Demokrasinin vazgeçilmezlerinden seçme ve seçilme hakkını kullanmak için dün bir kez daha sandık başındaydık. Yerel seçim maratonundan çıkan sonuç Türk siyaseti açısından pek çok mesajı içeriyor. Öncelikli olarak seçmen iktidara “sarı kart”tan öte “kırmızı kart” göstermiştir. Cumhur İttifakı’nın büyük şehirlerdeki oylarının erimesinde, yıllar sonra kendi kalesi görülen yerlerde dahi kan kaybetmesinde ağır ekonomik krizin, emeklilerin, emekçilerin zorlu koşullar altında ezilmesinin payı büyük. Genel seçimlerde gösterilmeyen bu tepki yerelde sandığa yansımış durumda.

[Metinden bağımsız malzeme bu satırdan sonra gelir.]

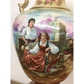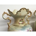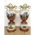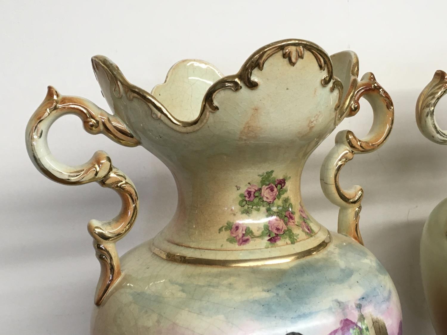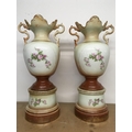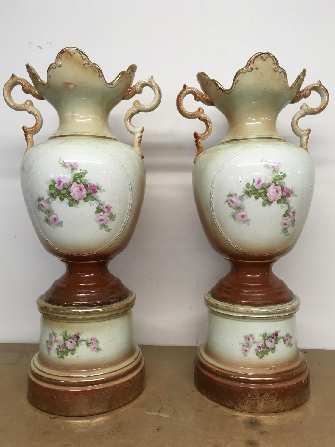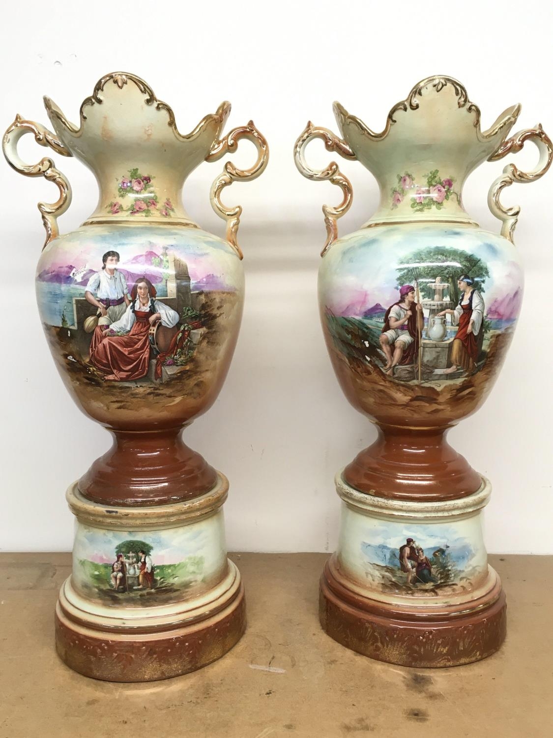 A pair of Victorian vases decorated with hand painted panels of classic scenes and pink rose designs , gilt detailing and handles, open tops and pedestal bases. 56cm tall approximate total height. This lot cannot be posted

“Tek adam” rejiminde, haklar ve adalette yaşanan erozyona ve aynı zamanda gerici, karşıdevrim çabalarına alan açanlara karşı da Atatürk ilkeleri, Cumhuriyet değerleri savunucularının net duruşu da sandık iradesinde ortaya konmuştur. Kazanan kim sorusunun yanıtı demokrasi ve umuttur!
Sonuçlar her il, ilçe genelinde elbette önümüzdeki günlerde ayrı ayrı değerlendirilecek. Ancak Özgür Özel liderliğindeki CHP’de, İstanbul’da Ekrem İmamoğlu ve Ankara’da Mansur Yavaş’la esen güçlü rüzgâr, 2028 seçimleri öncesinde siyaset arenasında yeni gelişmelerin habercisi olarak da yorumlanabilir.

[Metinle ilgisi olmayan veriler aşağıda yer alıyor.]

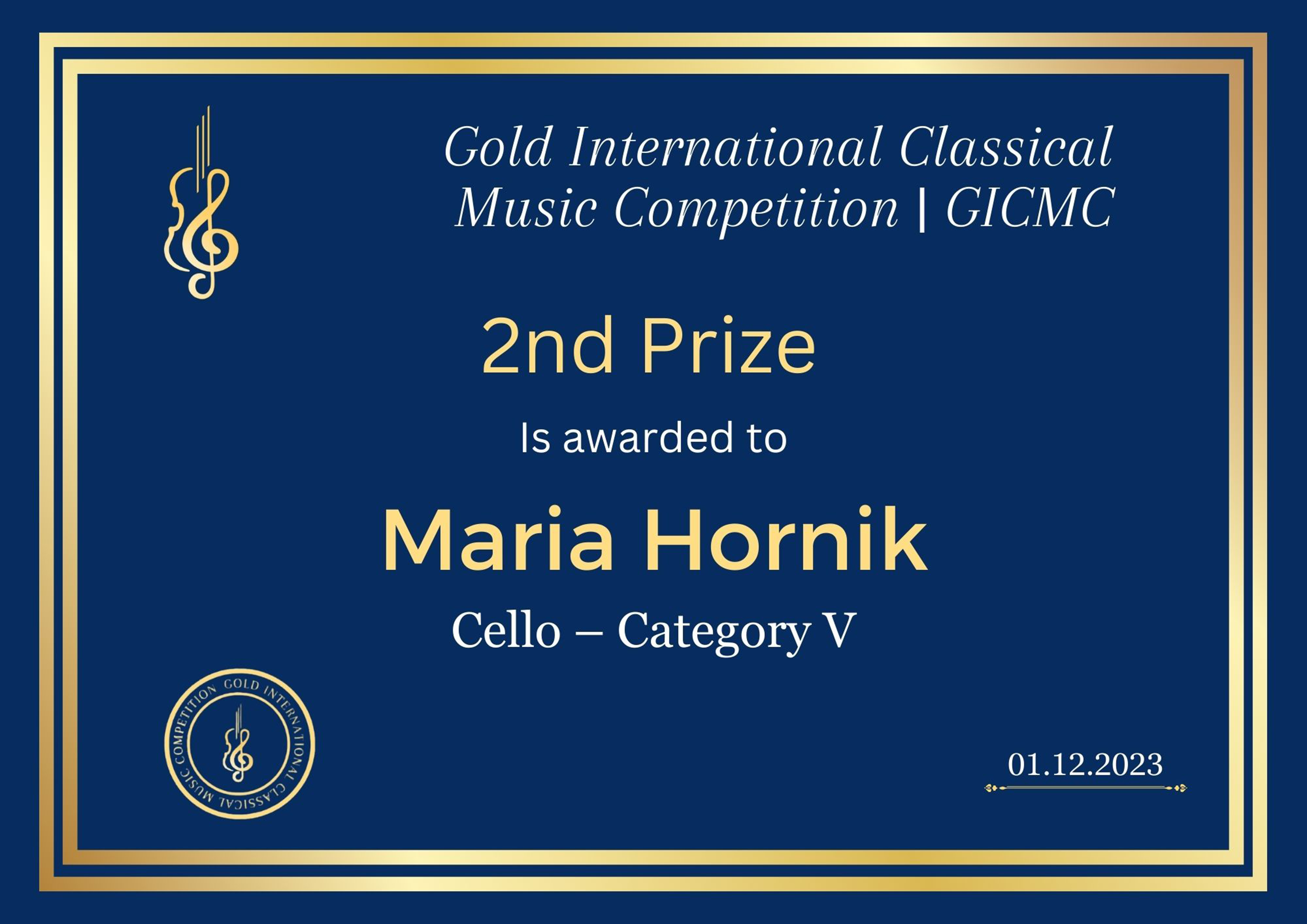Z radością informujemy, że Maria Hornik uczennica z klasy wiolonczeli Pani Moniki Gubały zajęła II miejsce podczas Gold International Classical Music Competition/GICMC (konkurs on-line) Wielka Brytania, 1 grudnia 2023 r.

İktidarın, doludizgin kamu gücünü arkasına alarak bakandan valiye Cumhur adaylarına destek kampanyalarına karşın CHP bu seçimlerden tarihi bir zaferle çıkmıştır. Ancak tartışmalı süreçlerden geçen CHP’de bu kazanımlarla birlikte artık sular durulur mu sorusunun yanıtı ise önümüzdeki günlerde saklı. Bu çerçevede gözler, “değişim” sloganıyla birlikte, parti içindeki küskünler cephesinin alacağı tutum gibi, kısa zamanda sahada etkisini gösteren Özel’in birlik ruhunu nasıl sürdüreceğinde. Sandık sonuçları tartışma yaratan “değişim” söyleminin seçmende karşılık bulduğunu gösteriyor. Aynı zamanda iktidarın aldığı yenilgiyle birlikte bundan böyle yeni anayasa, İstanbul Kanalı gibi sorunlu konularda oldubitti yapamayacağını da.